The Coimbatore Medical College is a state government-run medical college recognized by the Medical Council of India. It is located in the city of Coimbatore, in Tamil Nadu, India. The hospital attached to the college is located near the railway station and has departments for gastroenterology, microbiology, anatomy, biochemistry, pharmacology, pathology, physiology, ophthalmology, ENT, SPM, obstretics and gynecology, orthopedics, pediatrics, respiratory medicine, radiology, diabetology, surgery, medicine, dermatology, psychiatry and FM.

History
The college was established in 1966 after G D Naidu, a  scientist from an industrial family of the city, donated the 153 acres of land to the Tamil Nadu state government under the Chief Minister K. Kamaraj.

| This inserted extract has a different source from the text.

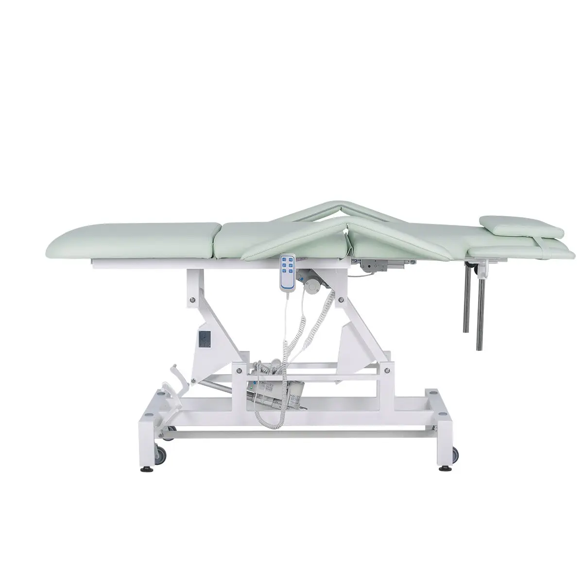 В данной модели установлено 3 мотора для подъема кушетки, регулировки спинки и наклона сиденья. Благодаря такой конструкции купить кушетку массажную МД-849 (Элегия-3А) на колесной базе можно для оказания как массажных, так и косметологических услуг. При помощи компактного и удобного пульта мастер сможет легко настраивать кушетку для конкретной процедуры. Для обшивки мягких деталей применяется современный обивочный материал – качественная экокожа. Кушетка массажная МД-849 (Элегия-3А) на колесной базе в магазине МЭДИСОН представлена в любом цвете под заказ.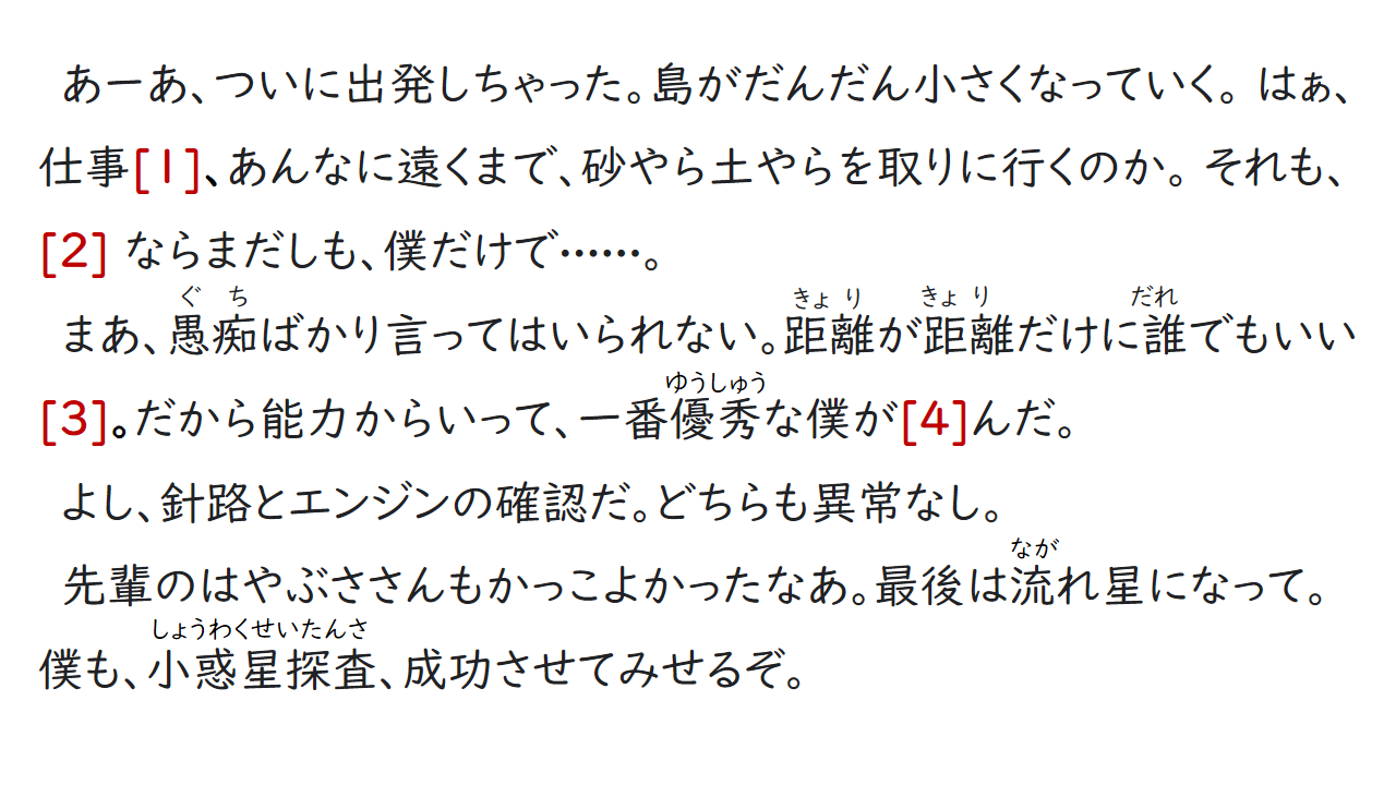 あーあ、ついに出発しちゃった。島がだんだん小さくなっていく。 はぁ、仕事[1]、あんなに遠くまで、砂やら土やらを取りに行くのか。 それも、[2] ならまだしも、僕だけで······。

Timeline of the Coimbatore Medical College Hospital:
 1908 – foundation stone laid by Lord Ampthill, Governor of Madras
 14 July 1909 – The hospital was inaugurated by  Governor of Madras
 1 April 1912 – The government of Madras Province took over the hospital administration from the municipality of Coimbatore
 13 August 1959 – Golden Jubilee celebrations of district headquarters hospital, Coimbatore was inaugurated by his excellency Sri Bishnuram Medhi, Governor of Madras, and presided by the honourable Sri Manickavelu, Minister of Health and Revenue, Madras State
 1966 – The Coimbatore Medical College was started
 24 November 1969 – The Directorate of Medical Education took over administration of the hospital and renamed it as Coimbatore Medical College Hospital
 July 2009 – June 2010 – Centenary year of the Coimbatore Medical College Hospital

Location
The college is located on Avinashi Road, one of the arterial roads in Coimbatore city and about  from Coimbatore International Airport. The college is just opposite Coimbatore Institute of Technology and near to The Jenney Club. This part of the city has a concentration of colleges and hospitals.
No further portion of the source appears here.